▶ **What is needed**
Copy exactly the lines of the data below that run from the line holding "With a traditional" through the line holding "- mit Touchschalter", both ends included.

▶ **Data supplied**
▼
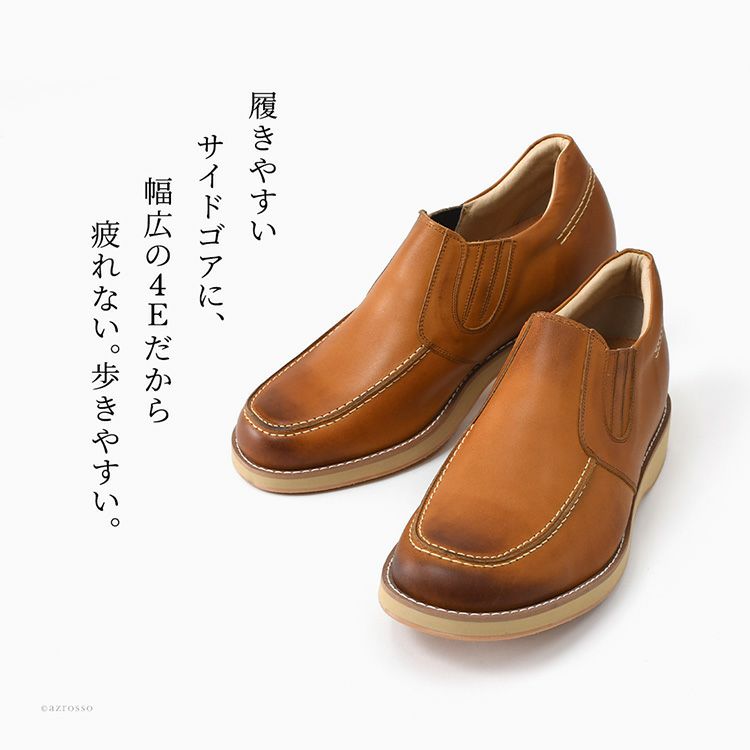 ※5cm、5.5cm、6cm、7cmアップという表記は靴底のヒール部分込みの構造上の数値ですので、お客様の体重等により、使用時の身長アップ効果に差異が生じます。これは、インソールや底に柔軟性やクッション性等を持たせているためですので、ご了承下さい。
▲
▼
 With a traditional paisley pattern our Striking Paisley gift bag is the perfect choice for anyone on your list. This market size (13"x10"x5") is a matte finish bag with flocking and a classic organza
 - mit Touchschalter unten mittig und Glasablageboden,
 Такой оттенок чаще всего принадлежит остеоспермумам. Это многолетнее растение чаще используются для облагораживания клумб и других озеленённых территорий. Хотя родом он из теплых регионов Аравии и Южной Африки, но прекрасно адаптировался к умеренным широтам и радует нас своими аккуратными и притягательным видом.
▲
▶ **Written answer**
 With a traditional paisley pattern our Striking Paisley gift bag is the perfect choice for anyone on your list. This market size (13"x10"x5") is a matte finish bag with flocking and a classic organza
 - mit Touchschalter unten mittig und Glasablageboden,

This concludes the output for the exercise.